Every line below from the one containing "সশস্ত্র বাহিনীতে বীরত্ব" through the one containing "百目鬼ひろ子さんの総運は28画の1点!" is to be printed exactly, with the pictures omitted.

#### Materials provided:
● ● ● ●
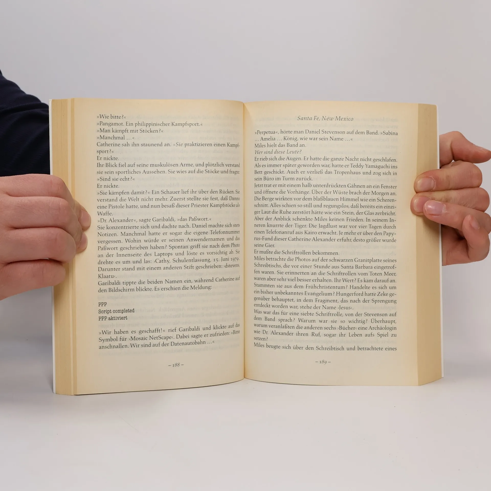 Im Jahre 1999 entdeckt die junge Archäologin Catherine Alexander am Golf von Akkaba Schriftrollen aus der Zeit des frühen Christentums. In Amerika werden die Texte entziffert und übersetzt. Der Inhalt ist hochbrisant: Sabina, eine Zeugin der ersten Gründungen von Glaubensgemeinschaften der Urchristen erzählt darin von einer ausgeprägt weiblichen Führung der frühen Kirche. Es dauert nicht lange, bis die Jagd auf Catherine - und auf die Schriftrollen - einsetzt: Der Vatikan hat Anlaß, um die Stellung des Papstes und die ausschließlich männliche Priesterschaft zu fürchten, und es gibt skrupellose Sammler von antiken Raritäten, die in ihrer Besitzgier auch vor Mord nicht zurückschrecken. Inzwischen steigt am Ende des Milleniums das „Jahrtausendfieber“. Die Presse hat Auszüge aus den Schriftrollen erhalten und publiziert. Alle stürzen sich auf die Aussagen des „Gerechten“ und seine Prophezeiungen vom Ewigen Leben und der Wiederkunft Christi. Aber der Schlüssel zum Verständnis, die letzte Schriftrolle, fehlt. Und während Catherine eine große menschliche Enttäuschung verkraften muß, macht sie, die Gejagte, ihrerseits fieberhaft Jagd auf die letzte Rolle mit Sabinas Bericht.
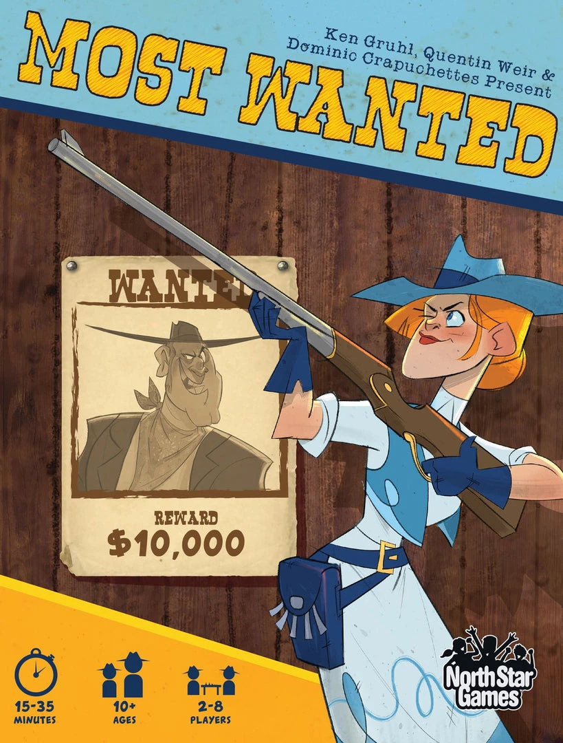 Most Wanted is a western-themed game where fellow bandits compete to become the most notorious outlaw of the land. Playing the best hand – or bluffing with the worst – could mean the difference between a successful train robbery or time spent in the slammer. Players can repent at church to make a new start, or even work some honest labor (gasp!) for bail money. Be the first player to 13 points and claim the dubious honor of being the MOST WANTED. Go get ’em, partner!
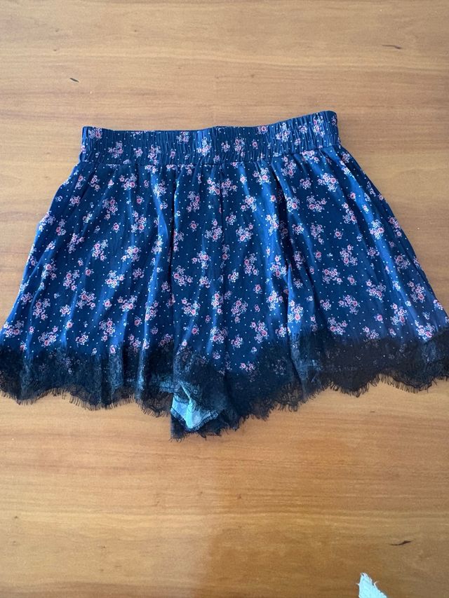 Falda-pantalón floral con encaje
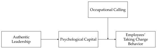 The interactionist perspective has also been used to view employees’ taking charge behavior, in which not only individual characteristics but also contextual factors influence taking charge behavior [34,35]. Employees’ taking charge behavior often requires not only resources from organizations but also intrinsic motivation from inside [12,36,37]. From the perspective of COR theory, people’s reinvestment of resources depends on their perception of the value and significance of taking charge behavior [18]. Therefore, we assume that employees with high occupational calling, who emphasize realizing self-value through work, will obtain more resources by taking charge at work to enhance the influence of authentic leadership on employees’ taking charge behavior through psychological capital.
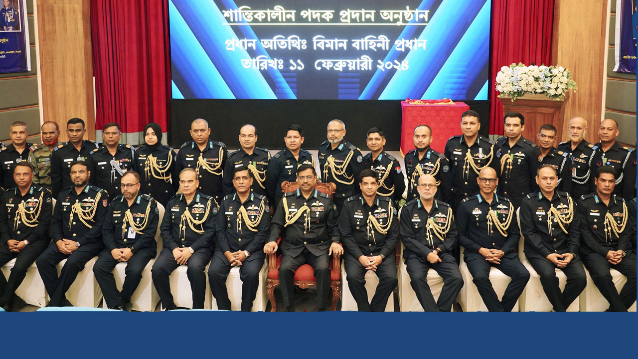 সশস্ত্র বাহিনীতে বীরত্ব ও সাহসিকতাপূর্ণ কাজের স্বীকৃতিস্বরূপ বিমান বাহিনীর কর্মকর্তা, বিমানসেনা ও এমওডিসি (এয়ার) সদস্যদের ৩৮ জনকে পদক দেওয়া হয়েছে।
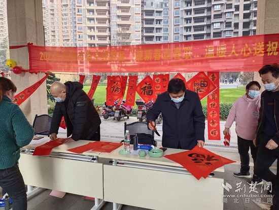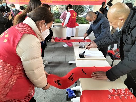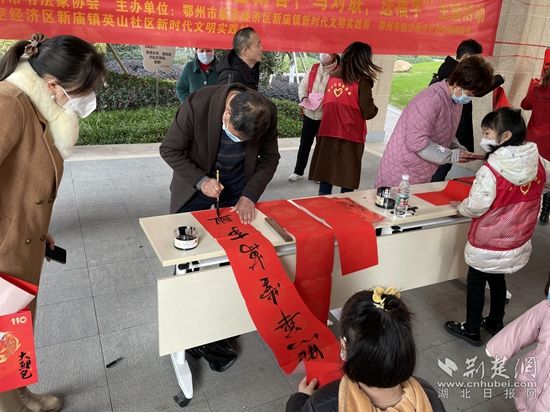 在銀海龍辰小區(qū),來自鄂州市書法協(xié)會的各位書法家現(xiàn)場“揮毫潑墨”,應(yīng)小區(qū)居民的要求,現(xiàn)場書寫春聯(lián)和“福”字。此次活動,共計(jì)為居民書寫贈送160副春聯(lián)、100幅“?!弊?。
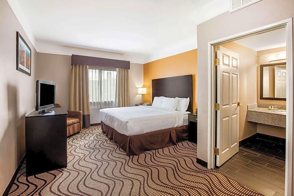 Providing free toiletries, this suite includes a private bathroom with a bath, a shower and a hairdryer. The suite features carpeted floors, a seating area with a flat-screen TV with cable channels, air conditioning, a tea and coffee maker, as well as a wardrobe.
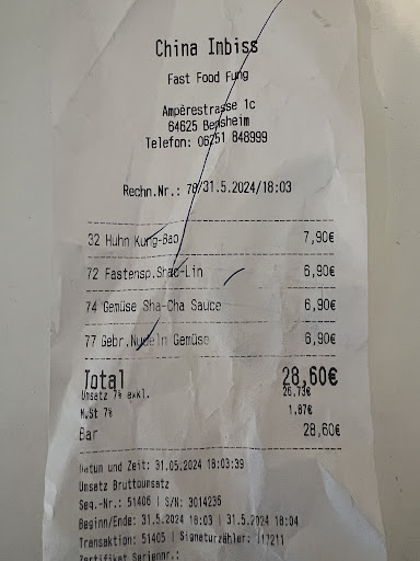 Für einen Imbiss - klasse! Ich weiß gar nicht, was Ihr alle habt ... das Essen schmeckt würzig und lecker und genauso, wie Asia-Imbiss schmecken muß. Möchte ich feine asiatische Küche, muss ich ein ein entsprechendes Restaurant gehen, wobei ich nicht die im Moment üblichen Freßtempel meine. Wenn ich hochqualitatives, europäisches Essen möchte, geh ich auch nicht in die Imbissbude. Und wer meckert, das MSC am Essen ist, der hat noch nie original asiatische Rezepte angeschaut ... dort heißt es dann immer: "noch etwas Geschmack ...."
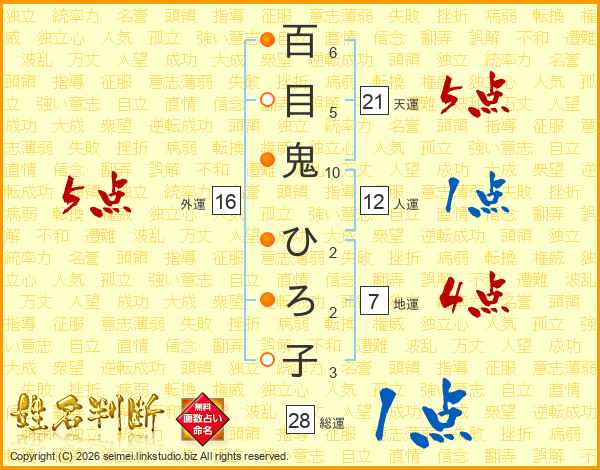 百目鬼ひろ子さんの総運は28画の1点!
● ● ● ●
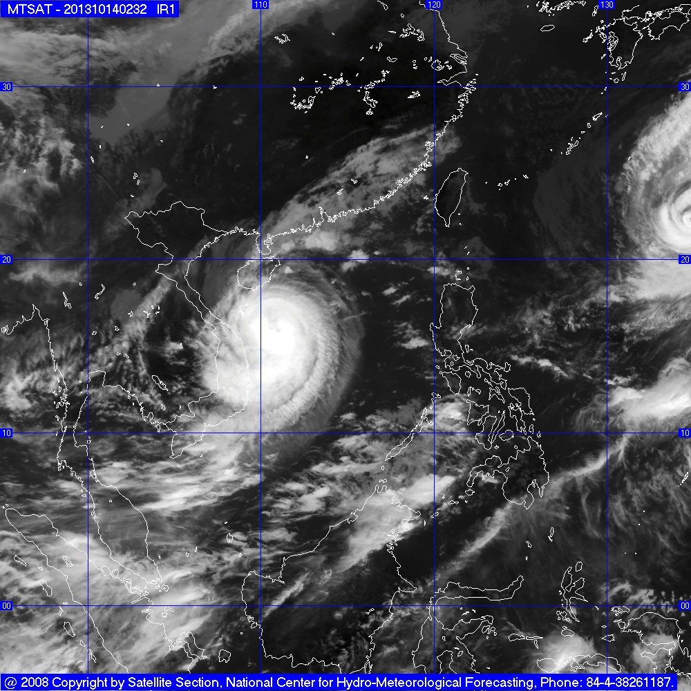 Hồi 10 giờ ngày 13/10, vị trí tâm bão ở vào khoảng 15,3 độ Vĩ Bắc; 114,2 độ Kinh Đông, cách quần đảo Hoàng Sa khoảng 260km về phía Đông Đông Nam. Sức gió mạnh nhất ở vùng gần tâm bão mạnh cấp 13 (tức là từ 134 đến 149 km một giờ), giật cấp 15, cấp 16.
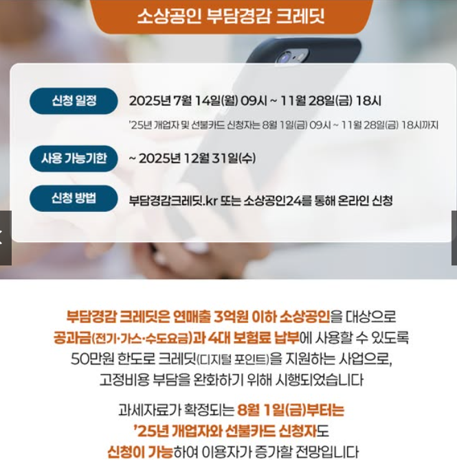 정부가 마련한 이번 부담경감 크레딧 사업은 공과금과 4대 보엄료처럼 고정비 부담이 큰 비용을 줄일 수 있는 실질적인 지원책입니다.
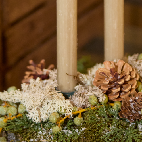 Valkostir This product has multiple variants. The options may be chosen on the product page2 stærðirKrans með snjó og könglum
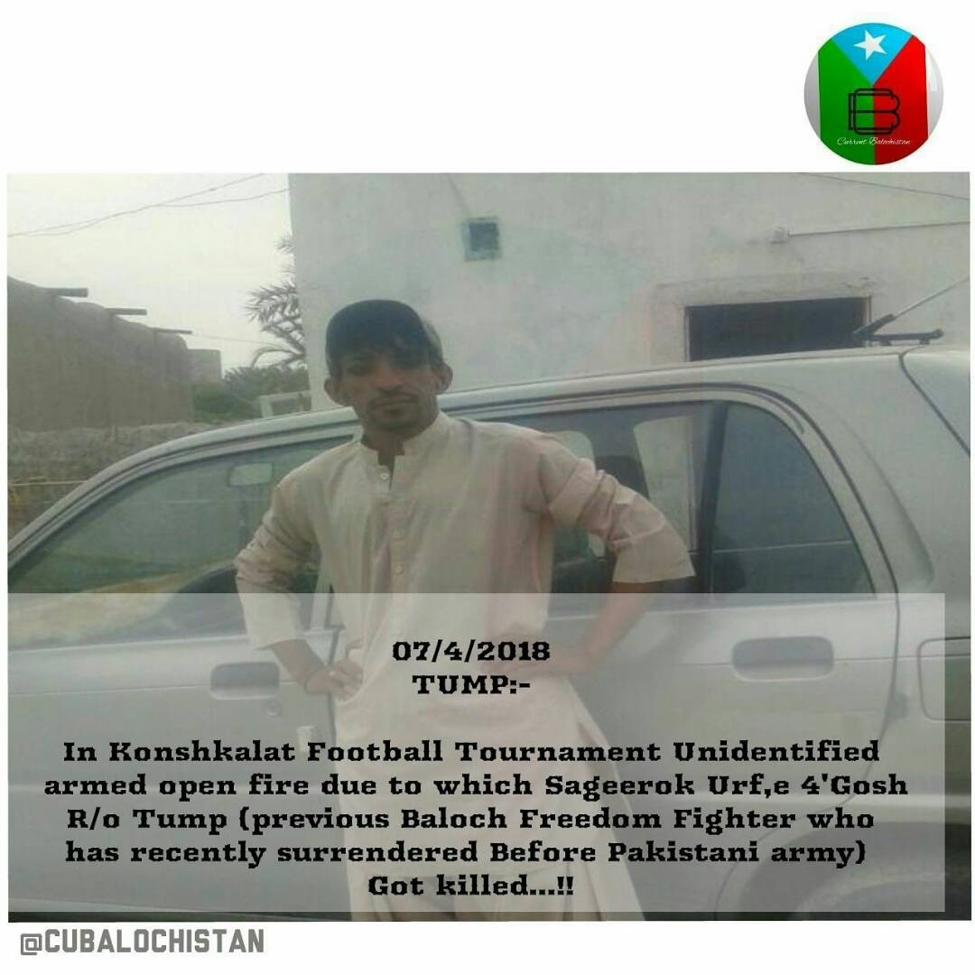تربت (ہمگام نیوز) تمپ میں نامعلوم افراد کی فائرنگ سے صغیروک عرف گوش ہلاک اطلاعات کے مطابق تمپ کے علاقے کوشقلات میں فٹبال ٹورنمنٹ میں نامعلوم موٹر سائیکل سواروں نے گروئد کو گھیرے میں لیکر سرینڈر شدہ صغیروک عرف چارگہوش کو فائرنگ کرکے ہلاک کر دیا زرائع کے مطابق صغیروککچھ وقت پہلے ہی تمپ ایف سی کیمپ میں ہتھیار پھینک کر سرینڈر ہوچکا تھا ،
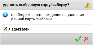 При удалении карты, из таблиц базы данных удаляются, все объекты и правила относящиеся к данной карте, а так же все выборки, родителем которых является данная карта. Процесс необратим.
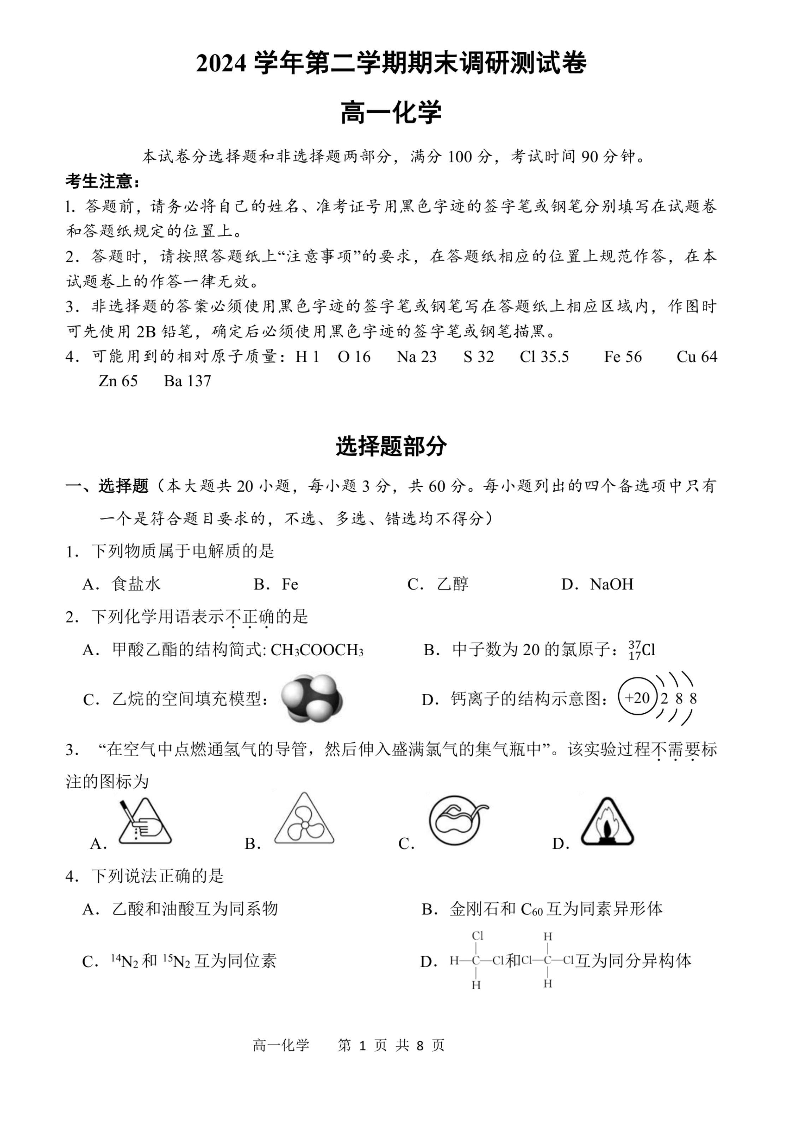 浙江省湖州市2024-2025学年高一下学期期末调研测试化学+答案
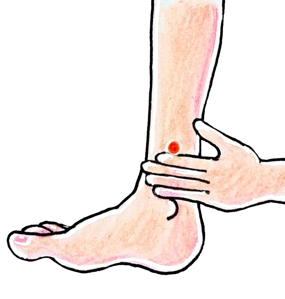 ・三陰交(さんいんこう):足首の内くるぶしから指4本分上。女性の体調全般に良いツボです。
● ● ● ●
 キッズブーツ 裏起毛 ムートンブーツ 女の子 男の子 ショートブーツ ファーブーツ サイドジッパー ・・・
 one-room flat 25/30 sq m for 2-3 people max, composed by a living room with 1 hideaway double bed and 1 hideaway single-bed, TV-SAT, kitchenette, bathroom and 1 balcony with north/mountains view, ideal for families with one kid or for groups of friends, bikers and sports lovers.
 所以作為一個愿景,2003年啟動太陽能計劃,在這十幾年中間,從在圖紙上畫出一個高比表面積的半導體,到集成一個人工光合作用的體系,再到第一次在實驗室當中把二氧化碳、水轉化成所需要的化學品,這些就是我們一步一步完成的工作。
● ● ● ●
#### Result for this exercise:
 সশস্ত্র বাহিনীতে বীরত্ব ও সাহসিকতাপূর্ণ কাজের স্বীকৃতিস্বরূপ বিমান বাহিনীর কর্মকর্তা, বিমানসেনা ও এমওডিসি (এয়ার) সদস্যদের ৩৮ জনকে পদক দেওয়া হয়েছে।
 在銀海龍辰小區(qū),來自鄂州市書法協(xié)會的各位書法家現(xiàn)場“揮毫潑墨”,應(yīng)小區(qū)居民的要求,現(xiàn)場書寫春聯(lián)和“福”字。此次活動,共計(jì)為居民書寫贈送160副春聯(lián)、100幅“?!弊?。
 Providing free toiletries, this suite includes a private bathroom with a bath, a shower and a hairdryer. The suite features carpeted floors, a seating area with a flat-screen TV with cable channels, air conditioning, a tea and coffee maker, as well as a wardrobe.
 Für einen Imbiss - klasse! Ich weiß gar nicht, was Ihr alle habt ... das Essen schmeckt würzig und lecker und genauso, wie Asia-Imbiss schmecken muß. Möchte ich feine asiatische Küche, muss ich ein ein entsprechendes Restaurant gehen, wobei ich nicht die im Moment üblichen Freßtempel meine. Wenn ich hochqualitatives, europäisches Essen möchte, geh ich auch nicht in die Imbissbude. Und wer meckert, das MSC am Essen ist, der hat noch nie original asiatische Rezepte angeschaut ... dort heißt es dann immer: "noch etwas Geschmack ...."
 百目鬼ひろ子さんの総運は28画の1点!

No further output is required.